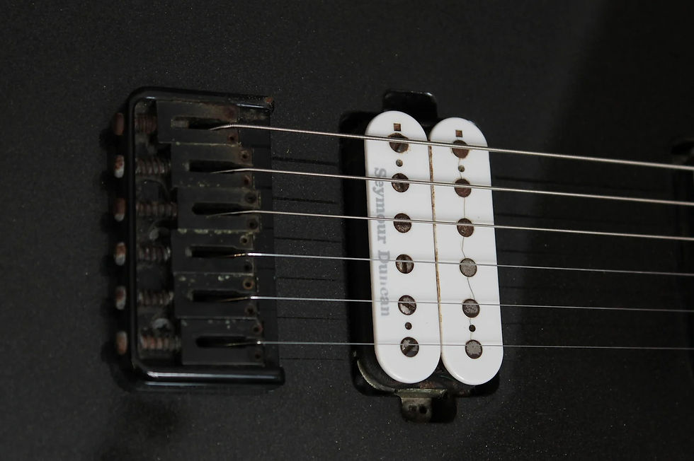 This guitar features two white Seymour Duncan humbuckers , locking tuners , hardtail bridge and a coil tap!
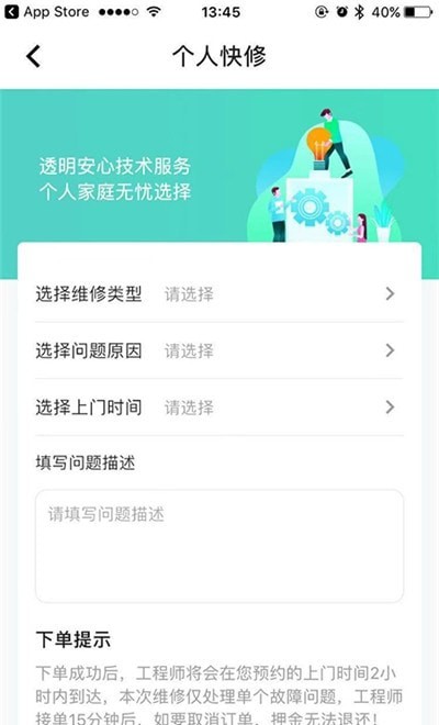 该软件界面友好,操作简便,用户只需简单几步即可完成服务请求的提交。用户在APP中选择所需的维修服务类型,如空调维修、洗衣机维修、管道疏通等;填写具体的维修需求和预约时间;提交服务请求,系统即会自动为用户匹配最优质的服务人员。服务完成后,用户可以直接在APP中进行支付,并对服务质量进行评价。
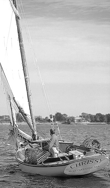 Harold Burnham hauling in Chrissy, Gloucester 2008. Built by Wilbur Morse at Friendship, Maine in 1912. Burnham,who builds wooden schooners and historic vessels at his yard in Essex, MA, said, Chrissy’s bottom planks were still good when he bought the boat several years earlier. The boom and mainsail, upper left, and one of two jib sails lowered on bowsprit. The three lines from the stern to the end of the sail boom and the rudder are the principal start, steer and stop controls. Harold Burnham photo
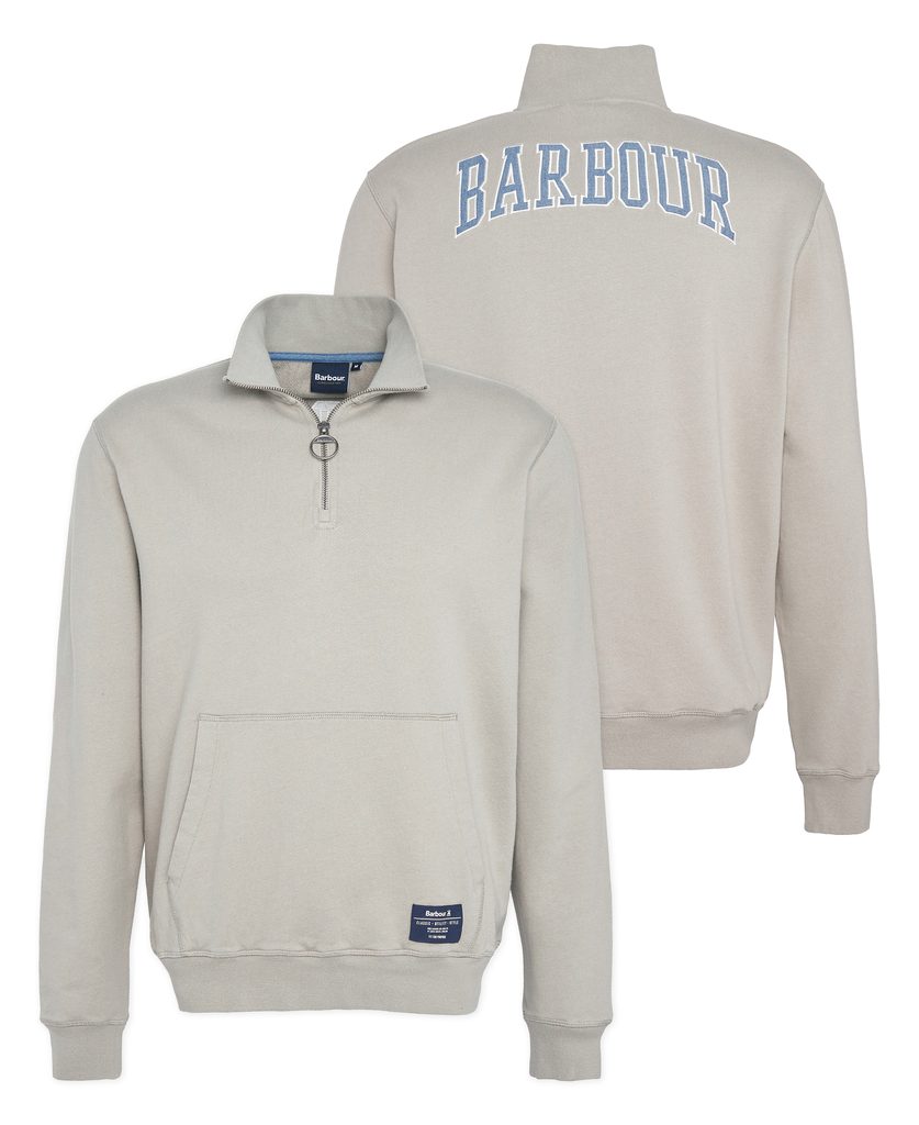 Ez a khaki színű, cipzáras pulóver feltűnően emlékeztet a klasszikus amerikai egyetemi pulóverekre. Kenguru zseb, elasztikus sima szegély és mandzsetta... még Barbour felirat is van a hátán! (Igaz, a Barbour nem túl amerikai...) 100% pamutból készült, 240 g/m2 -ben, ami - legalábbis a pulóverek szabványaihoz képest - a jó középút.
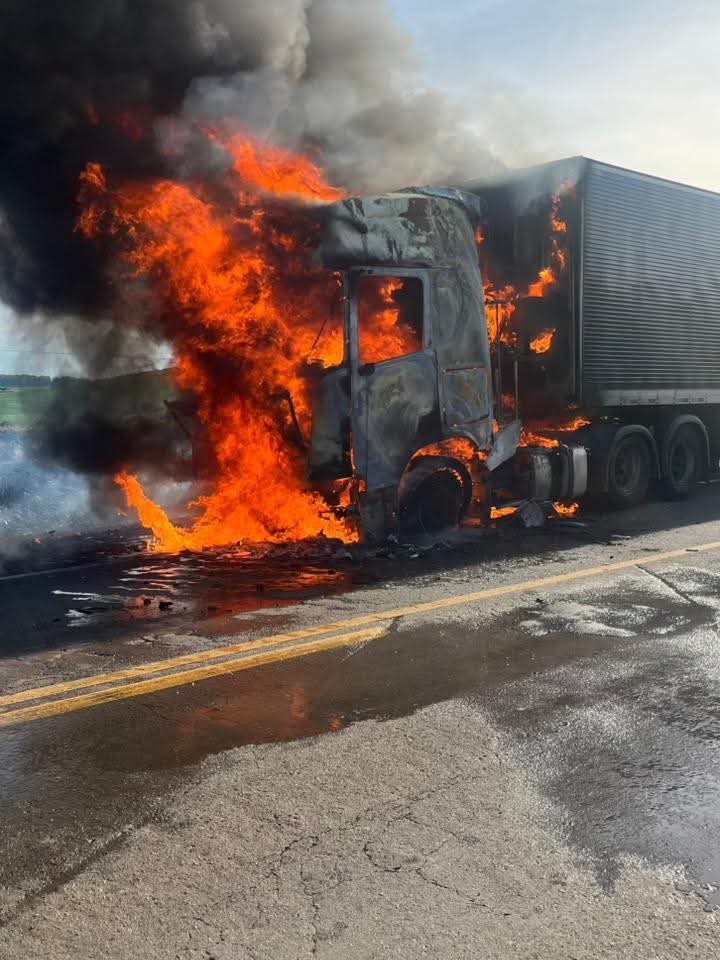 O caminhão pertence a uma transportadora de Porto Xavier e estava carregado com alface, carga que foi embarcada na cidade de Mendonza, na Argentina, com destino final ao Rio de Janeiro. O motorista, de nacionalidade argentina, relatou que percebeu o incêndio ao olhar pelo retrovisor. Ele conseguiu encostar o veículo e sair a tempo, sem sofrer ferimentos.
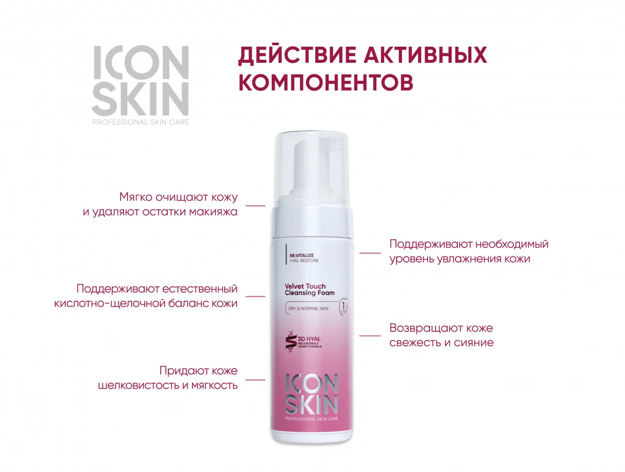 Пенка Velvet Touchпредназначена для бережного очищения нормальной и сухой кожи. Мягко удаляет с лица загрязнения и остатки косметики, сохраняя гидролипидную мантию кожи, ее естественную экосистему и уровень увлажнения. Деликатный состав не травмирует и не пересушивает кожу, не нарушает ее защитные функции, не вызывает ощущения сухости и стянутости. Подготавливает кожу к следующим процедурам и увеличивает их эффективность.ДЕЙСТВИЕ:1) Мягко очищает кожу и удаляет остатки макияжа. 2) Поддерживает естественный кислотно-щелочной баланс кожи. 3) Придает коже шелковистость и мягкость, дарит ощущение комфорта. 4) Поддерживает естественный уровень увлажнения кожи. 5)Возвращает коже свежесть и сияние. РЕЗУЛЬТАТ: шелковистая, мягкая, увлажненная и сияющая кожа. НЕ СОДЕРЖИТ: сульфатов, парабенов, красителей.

===============

WHAT IS BEING ASKED: Letter for letter, reproduce every record above and skip the pictures.

ANSWER TO THE PROBLEM:
 This guitar features two white Seymour Duncan humbuckers , locking tuners , hardtail bridge and a coil tap!
 该软件界面友好,操作简便,用户只需简单几步即可完成服务请求的提交。用户在APP中选择所需的维修服务类型,如空调维修、洗衣机维修、管道疏通等;填写具体的维修需求和预约时间;提交服务请求,系统即会自动为用户匹配最优质的服务人员。服务完成后,用户可以直接在APP中进行支付,并对服务质量进行评价。
 Harold Burnham hauling in Chrissy, Gloucester 2008. Built by Wilbur Morse at Friendship, Maine in 1912. Burnham,who builds wooden schooners and historic vessels at his yard in Essex, MA, said, Chrissy’s bottom planks were still good when he bought the boat several years earlier. The boom and mainsail, upper left, and one of two jib sails lowered on bowsprit. The three lines from the stern to the end of the sail boom and the rudder are the principal start, steer and stop controls. Harold Burnham photo
 Ez a khaki színű, cipzáras pulóver feltűnően emlékeztet a klasszikus amerikai egyetemi pulóverekre. Kenguru zseb, elasztikus sima szegély és mandzsetta... még Barbour felirat is van a hátán! (Igaz, a Barbour nem túl amerikai...) 100% pamutból készült, 240 g/m2 -ben, ami - legalábbis a pulóverek szabványaihoz képest - a jó középút.
 O caminhão pertence a uma transportadora de Porto Xavier e estava carregado com alface, carga que foi embarcada na cidade de Mendonza, na Argentina, com destino final ao Rio de Janeiro. O motorista, de nacionalidade argentina, relatou que percebeu o incêndio ao olhar pelo retrovisor. Ele conseguiu encostar o veículo e sair a tempo, sem sofrer ferimentos.
 Пенка Velvet Touchпредназначена для бережного очищения нормальной и сухой кожи. Мягко удаляет с лица загрязнения и остатки косметики, сохраняя гидролипидную мантию кожи, ее естественную экосистему и уровень увлажнения. Деликатный состав не травмирует и не пересушивает кожу, не нарушает ее защитные функции, не вызывает ощущения сухости и стянутости. Подготавливает кожу к следующим процедурам и увеличивает их эффективность.ДЕЙСТВИЕ:1) Мягко очищает кожу и удаляет остатки макияжа. 2) Поддерживает естественный кислотно-щелочной баланс кожи. 3) Придает коже шелковистость и мягкость, дарит ощущение комфорта. 4) Поддерживает естественный уровень увлажнения кожи. 5)Возвращает коже свежесть и сияние. РЕЗУЛЬТАТ: шелковистая, мягкая, увлажненная и сияющая кожа. НЕ СОДЕРЖИТ: сульфатов, парабенов, красителей.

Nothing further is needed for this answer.